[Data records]
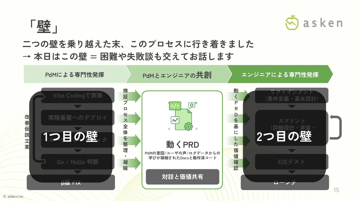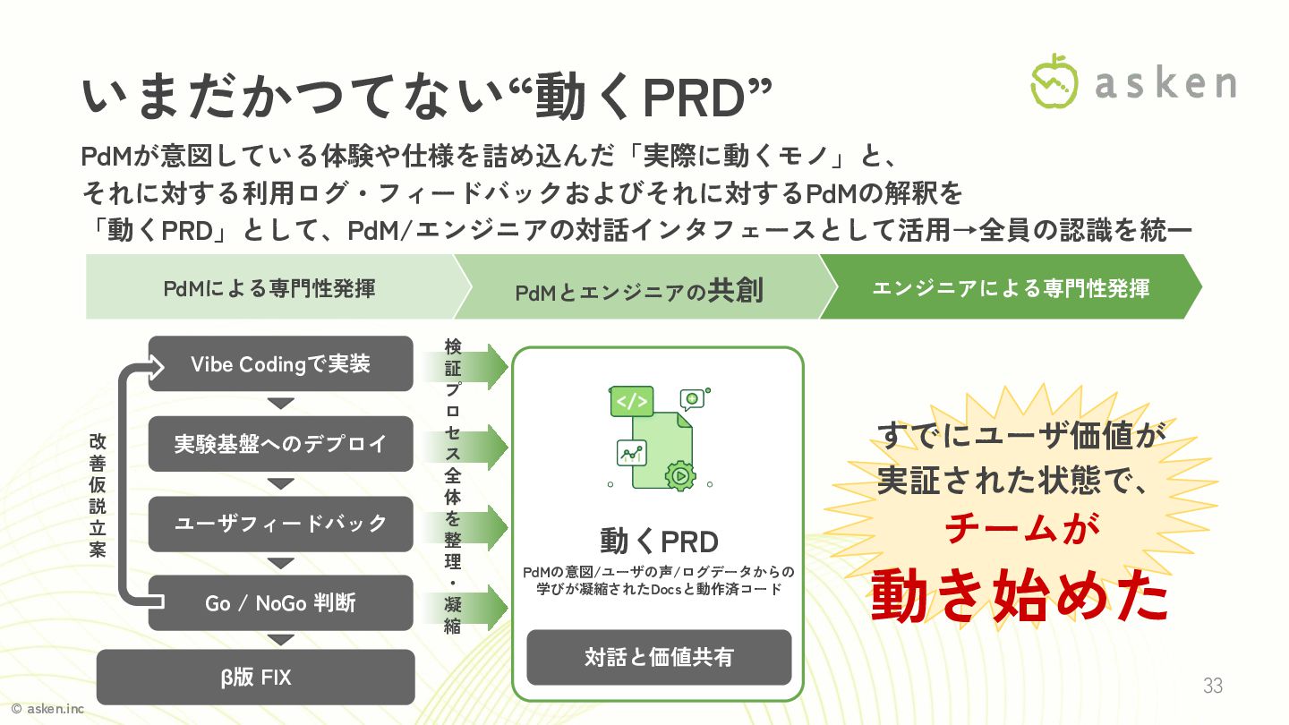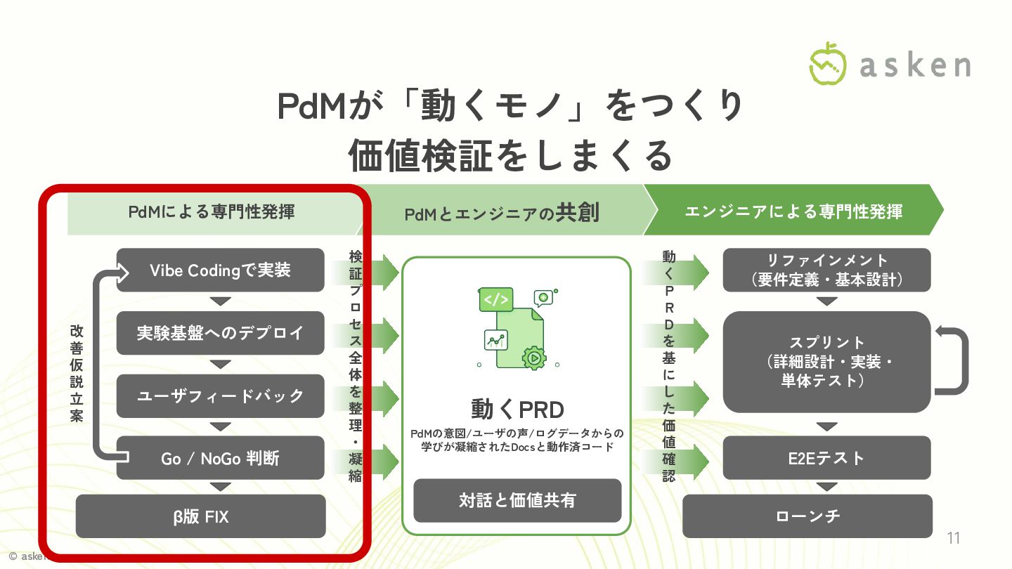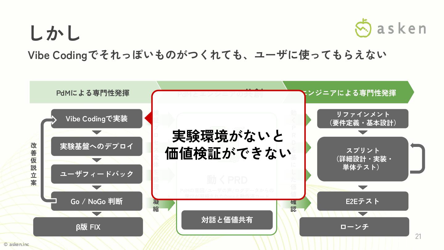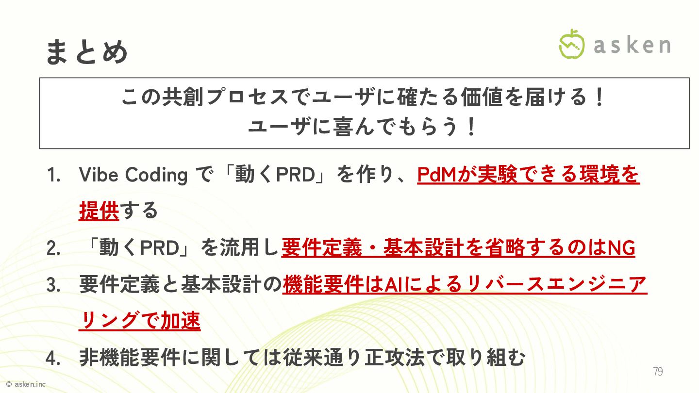 © asken.inc 1. Vibe Coding で「動くPRD」を作り、PdMが実験できる環境を 提供する 2. 「動くPRD」を流用し要件定義・基本設計を省略するのはNG 3.
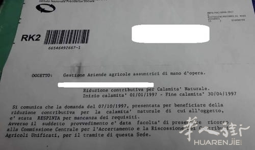 时隔21年后在2018年1月12日农场主意外收到INPS寄来的一份通知书,当他打开信封后竟然发现里面写着他1997年递交的自然灾害减免税务被拒的通告。
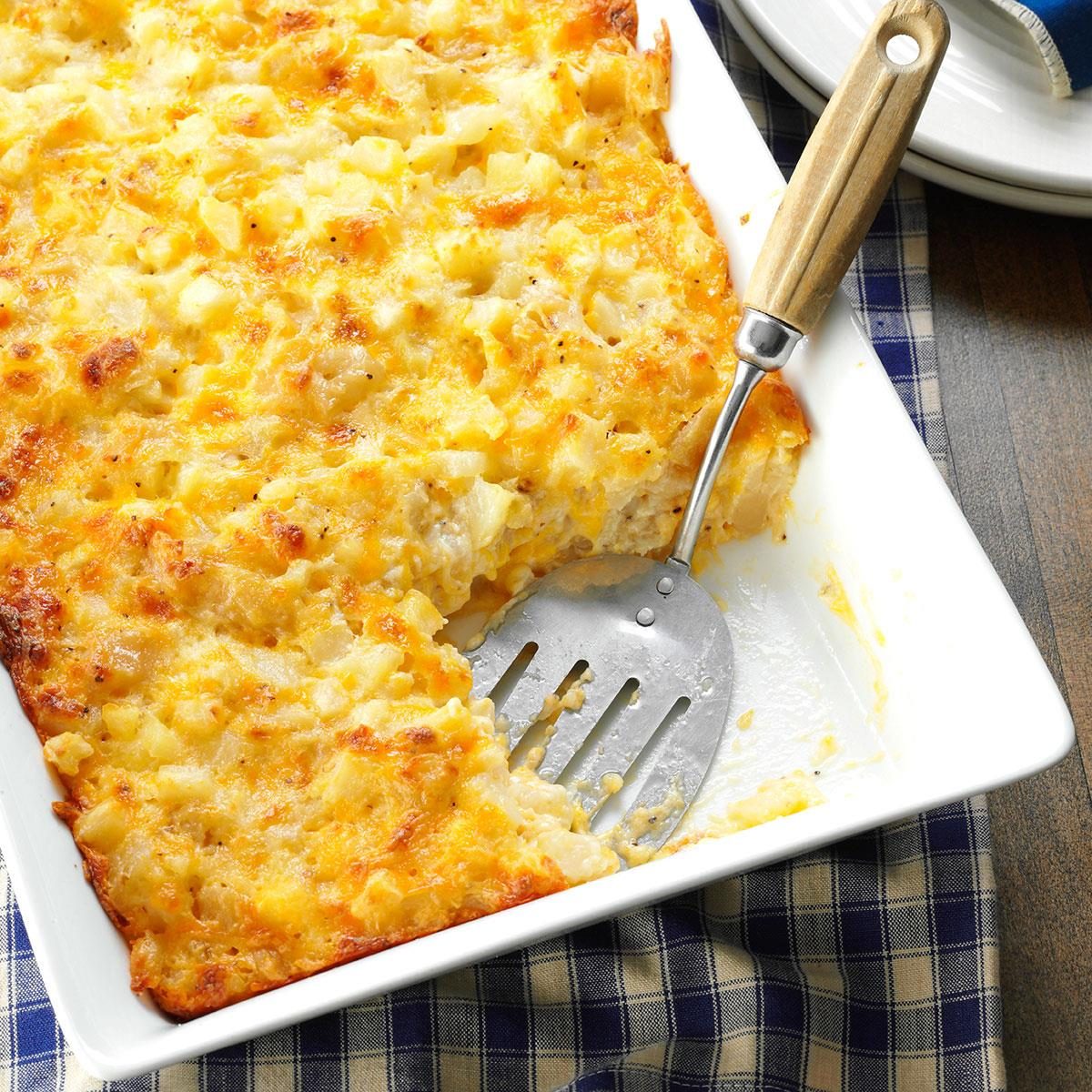 Serve up comfort food for breakfast with this cheesy casserole featuring frozen hash browns. It requires just 10 minutes of...
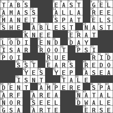 ACROSS 1. Bar bills 5. 90 degrees 9. Set 12. Collect or gather 14. Silent film actress Nazimova 15. Portuguese money of account (variant) 16. French painter Edouard 17. Petty quarrel 18. Raised railways 19. A female animal or person 20. Most capable 23. Political cartoonist Thomas 24. Leg joint 25. Part of Q.E.F. 27. Farming town in central California 30. Conclusion 32. 24 hours 33. Astrian river, tributary to the Danube 34. Carrot, for example 36. 23rd letter of the Greek alphabet 38. Luau course 39. Regret 40. To free from 43. Fast jet (abbr.) 46. Hearing organs 48. Redecorate 49. It is so 51. Slangy assent 52. At sea 53. Is not 54. Lie 56. Gouge 58. Electrical Unit 61. Health resort 64. Sandy's bark 65. Length times width 66. Brizilian seaport 68. Not either 69. Stitch closed the eyes of (a falcon) 70. A sleeping potion; an opiate (poet.) 71. Girls' org. (abbr.) 72. Johnson of "Laugh-In" 73. Celtic language DOWN 1. Scottish caps 2. Nanny 3. Object of repulsion 4. Compass dir. 5. Comfort 6. High mountains 7. Scheduled 8. Make lace 9. Relatively large 10. Snakelike fish 11. For fear that 13. Comedian Laurel of Laurel & Hardy 21. Fermented drink made from hops 22. Poe poem 23. Negative votes 24. Apertif with cassis 26. Hit sharply and swiftly 27. Mouth edge 28. Bear (Spanish) 29. Raised platform 31. A city in N France, SE of Calais 35. Cigar-shaped 37. Angers 41. Binary compound 42. ___ good deed 44. System (abbr.) 45. "___ Little Indians" 47. Practice fight 48. Actress Charlotte 50. A viewer who gazes fixedly 53. Kind of red light 55. Grant temporary use of 56. Mild oath, euphamism for damn 57. Greek god of love 59. Rendezvous 60. Diluted with white 61. Play the lead 62. Friends 63. Toward shelter 65. White ___ sheet 67. Deep reverence
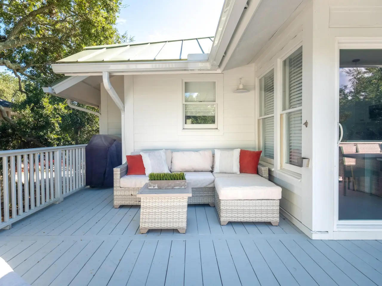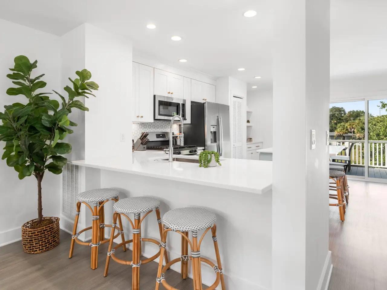 Welcome to Saltwater Oasis, a beautifully remodeled and elevated beach bungalow in Isle of Palm's Beachside community that embodies a convenient IOP lifestyle, while retaining a private community feel. Park the car and forget about it--everything you love about island living is just steps away. From sun-soaked beach days to evenings filled with live local music, this home captures the relaxed coastal vibe that makes IOP and the Lowcountry so beloved.Enter the home through the spacious sun deck and additional screen porch complete with lazy day porch swing and big ceiling fan. Venture inside and be surprised by the immediate airy vaulted living room ceiling. The inviting family room features space for relaxing in AC comfort and a dining area perfect for gatherings.The home was completely renovated in 2022 down to the studs, making it move-in ready for a new owner or seamless for rental guests. The three-bedroom, two-bath layout features a spacious open and updated kitchen with slow-close custom cabinetry, new quartz countertops throughout including island, eat-in bar and coffee/beverage station. Thoughtful updates include new fixtures, lighting and appliances. A full laundry area adds everyday convenience. The owner's suite features a bathroom with updated dual vanity quartz countertops and drawer space to compliment a stunning azure tiled large shower. Walk-in closet with wood shelving and plenty of main room space for king bed and side tables and lighting. Two additional bedrooms provide flexible living options as a tv room/office with one guest room. Rounding out the floorplan is a guest bath convenient to both bedrooms. What makes the property special is the outdoor space including the front sun deck and screened porch with a full bed swing to the spacious back porch for al fresco dining and lounging. The property has all the markings of the lowcountry from majestic oaks to the tranquil lagoon--every corner invites you to slow down and enjoy life by the sea. Evenings by the backyard firepit make fall nights especially memorable. The bungalow's drive-under elevated design provides for fun times while awaiting a tropical sprinkle to pass...sitting area, game space, private outdoor shower and multi-storage areas are essential beach house needs. The area offers covered parking for three cars-the maximum amount allowed by the community. The entire under portion and driveway were also recently poured with fresh concrete and wood decking in 2022. Essential coastal elements of metal roof and hardiplank siding complete the exterior. This property is as much an investment opportunity as it is a personal retreat. Saltwater Oasis is a proven performer in Isle of Palms' vacation rental market. Easily assume this beloved rental with a terrific fiscal record and impeccable testimonial record. The past four years it has averaged above $100,000 annually in rental income. Its rare combination of walkability, turn-key condition and flexibility make it an exceptional opportunity for renters seeking convenience, charm and balance in their beach vacations. Ready for a beach day? Inside the community of Beachside there are no busy roads to access the secluded beach walkway at the end of Sand Dune Lane-a little used access point and great for beach chair drop. Be sure to join the neighbors for "Golden Hour" on the sand with a chair and beverage to socialize and enjoy your little piece of Atlantic Ocean heaven. After a day at the beach and you're ready to depart the sand, you can cool off in the convenient community pool. Need to work on your tennis game between your USTA Charleston City matches? Recently restored hard court surface and additional practice wall await as you hone your game for friendly neighborhood competitions. You're only a short walk to a long-time local fresh market in Simmons Seafood, and island favorites like Long Island Café, The Refuge, and The Co-Op. Stock up or charge up with a two minute walk to Harris Teeter and AM coffee shops. A stroll down the beach brings you to several restaurants and beachfront bars, including The Windjammer, where live music spills out into the night. The home's position on the island offers optimal "lock and leave" convenience with easy access to downtown Charleston or Mount Pleasant on and off the Isle of Palms Connector, plus proximity to community events like Fourth of July fireworks, the Holiday Street Festival, and the monthly farmers market. It is the perfect blend of a tucked-away neighborhood feel with everything Isle of Palms has to offer just outside your door. Whether you're searching for your own coastal sanctuary or a high-performing investment property, Saltwater Oasis delivers the best of Isle of Palms living.
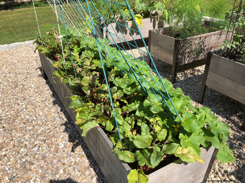 Attaching a trellis to your raised bed edge can make it easier to make the most of the space.
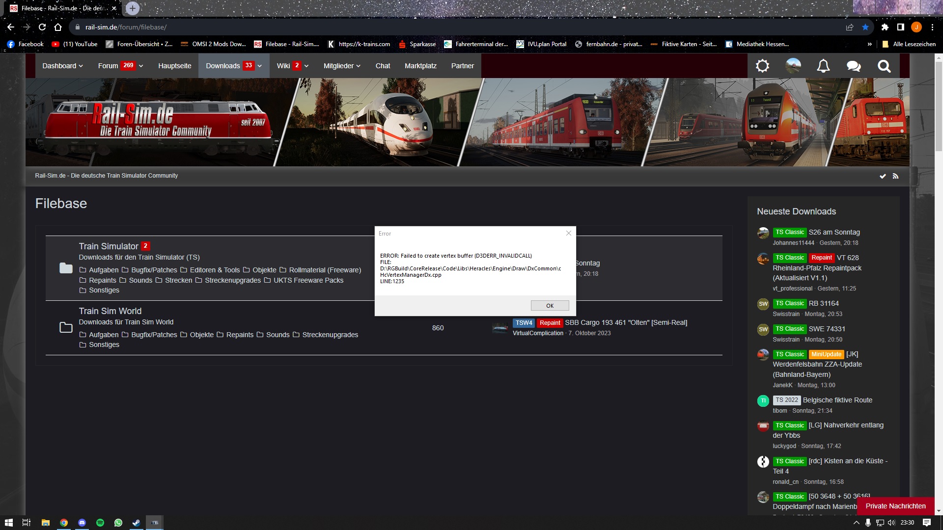 heute gab es ja ein Steam-Update. Seitdem ich das Update heruntergeladen und installiert habe, habe ich ständig (ich vermute nur wenn ich raustabbe) Abstürze mit der Fehlermeldung (siehe Anhang)

**Your instructions:**
Only the text of the entries above is to be given again, exactly, with the pictures left out.

**Output of the exercise:**
 © asken.inc 1. Vibe Coding で「動くPRD」を作り、PdMが実験できる環境を 提供する 2. 「動くPRD」を流用し要件定義・基本設計を省略するのはNG 3.
 时隔21年后在2018年1月12日农场主意外收到INPS寄来的一份通知书,当他打开信封后竟然发现里面写着他1997年递交的自然灾害减免税务被拒的通告。
 Serve up comfort food for breakfast with this cheesy casserole featuring frozen hash browns. It requires just 10 minutes of...
 ACROSS 1. Bar bills 5. 90 degrees 9. Set 12. Collect or gather 14. Silent film actress Nazimova 15. Portuguese money of account (variant) 16. French painter Edouard 17. Petty quarrel 18. Raised railways 19. A female animal or person 20. Most capable 23. Political cartoonist Thomas 24. Leg joint 25. Part of Q.E.F. 27. Farming town in central California 30. Conclusion 32. 24 hours 33. Astrian river, tributary to the Danube 34. Carrot, for example 36. 23rd letter of the Greek alphabet 38. Luau course 39. Regret 40. To free from 43. Fast jet (abbr.) 46. Hearing organs 48. Redecorate 49. It is so 51. Slangy assent 52. At sea 53. Is not 54. Lie 56. Gouge 58. Electrical Unit 61. Health resort 64. Sandy's bark 65. Length times width 66. Brizilian seaport 68. Not either 69. Stitch closed the eyes of (a falcon) 70. A sleeping potion; an opiate (poet.) 71. Girls' org. (abbr.) 72. Johnson of "Laugh-In" 73. Celtic language DOWN 1. Scottish caps 2. Nanny 3. Object of repulsion 4. Compass dir. 5. Comfort 6. High mountains 7. Scheduled 8. Make lace 9. Relatively large 10. Snakelike fish 11. For fear that 13. Comedian Laurel of Laurel & Hardy 21. Fermented drink made from hops 22. Poe poem 23. Negative votes 24. Apertif with cassis 26. Hit sharply and swiftly 27. Mouth edge 28. Bear (Spanish) 29. Raised platform 31. A city in N France, SE of Calais 35. Cigar-shaped 37. Angers 41. Binary compound 42. ___ good deed 44. System (abbr.) 45. "___ Little Indians" 47. Practice fight 48. Actress Charlotte 50. A viewer who gazes fixedly 53. Kind of red light 55. Grant temporary use of 56. Mild oath, euphamism for damn 57. Greek god of love 59. Rendezvous 60. Diluted with white 61. Play the lead 62. Friends 63. Toward shelter 65. White ___ sheet 67. Deep reverence
 Welcome to Saltwater Oasis, a beautifully remodeled and elevated beach bungalow in Isle of Palm's Beachside community that embodies a convenient IOP lifestyle, while retaining a private community feel. Park the car and forget about it--everything you love about island living is just steps away. From sun-soaked beach days to evenings filled with live local music, this home captures the relaxed coastal vibe that makes IOP and the Lowcountry so beloved.Enter the home through the spacious sun deck and additional screen porch complete with lazy day porch swing and big ceiling fan. Venture inside and be surprised by the immediate airy vaulted living room ceiling. The inviting family room features space for relaxing in AC comfort and a dining area perfect for gatherings.The home was completely renovated in 2022 down to the studs, making it move-in ready for a new owner or seamless for rental guests. The three-bedroom, two-bath layout features a spacious open and updated kitchen with slow-close custom cabinetry, new quartz countertops throughout including island, eat-in bar and coffee/beverage station. Thoughtful updates include new fixtures, lighting and appliances. A full laundry area adds everyday convenience. The owner's suite features a bathroom with updated dual vanity quartz countertops and drawer space to compliment a stunning azure tiled large shower. Walk-in closet with wood shelving and plenty of main room space for king bed and side tables and lighting. Two additional bedrooms provide flexible living options as a tv room/office with one guest room. Rounding out the floorplan is a guest bath convenient to both bedrooms. What makes the property special is the outdoor space including the front sun deck and screened porch with a full bed swing to the spacious back porch for al fresco dining and lounging. The property has all the markings of the lowcountry from majestic oaks to the tranquil lagoon--every corner invites you to slow down and enjoy life by the sea. Evenings by the backyard firepit make fall nights especially memorable. The bungalow's drive-under elevated design provides for fun times while awaiting a tropical sprinkle to pass...sitting area, game space, private outdoor shower and multi-storage areas are essential beach house needs. The area offers covered parking for three cars-the maximum amount allowed by the community. The entire under portion and driveway were also recently poured with fresh concrete and wood decking in 2022. Essential coastal elements of metal roof and hardiplank siding complete the exterior. This property is as much an investment opportunity as it is a personal retreat. Saltwater Oasis is a proven performer in Isle of Palms' vacation rental market. Easily assume this beloved rental with a terrific fiscal record and impeccable testimonial record. The past four years it has averaged above $100,000 annually in rental income. Its rare combination of walkability, turn-key condition and flexibility make it an exceptional opportunity for renters seeking convenience, charm and balance in their beach vacations. Ready for a beach day? Inside the community of Beachside there are no busy roads to access the secluded beach walkway at the end of Sand Dune Lane-a little used access point and great for beach chair drop. Be sure to join the neighbors for "Golden Hour" on the sand with a chair and beverage to socialize and enjoy your little piece of Atlantic Ocean heaven. After a day at the beach and you're ready to depart the sand, you can cool off in the convenient community pool. Need to work on your tennis game between your USTA Charleston City matches? Recently restored hard court surface and additional practice wall await as you hone your game for friendly neighborhood competitions. You're only a short walk to a long-time local fresh market in Simmons Seafood, and island favorites like Long Island Café, The Refuge, and The Co-Op. Stock up or charge up with a two minute walk to Harris Teeter and AM coffee shops. A stroll down the beach brings you to several restaurants and beachfront bars, including The Windjammer, where live music spills out into the night. The home's position on the island offers optimal "lock and leave" convenience with easy access to downtown Charleston or Mount Pleasant on and off the Isle of Palms Connector, plus proximity to community events like Fourth of July fireworks, the Holiday Street Festival, and the monthly farmers market. It is the perfect blend of a tucked-away neighborhood feel with everything Isle of Palms has to offer just outside your door. Whether you're searching for your own coastal sanctuary or a high-performing investment property, Saltwater Oasis delivers the best of Isle of Palms living.
 Attaching a trellis to your raised bed edge can make it easier to make the most of the space.
 heute gab es ja ein Steam-Update. Seitdem ich das Update heruntergeladen und installiert habe, habe ich ständig (ich vermute nur wenn ich raustabbe) Abstürze mit der Fehlermeldung (siehe Anhang)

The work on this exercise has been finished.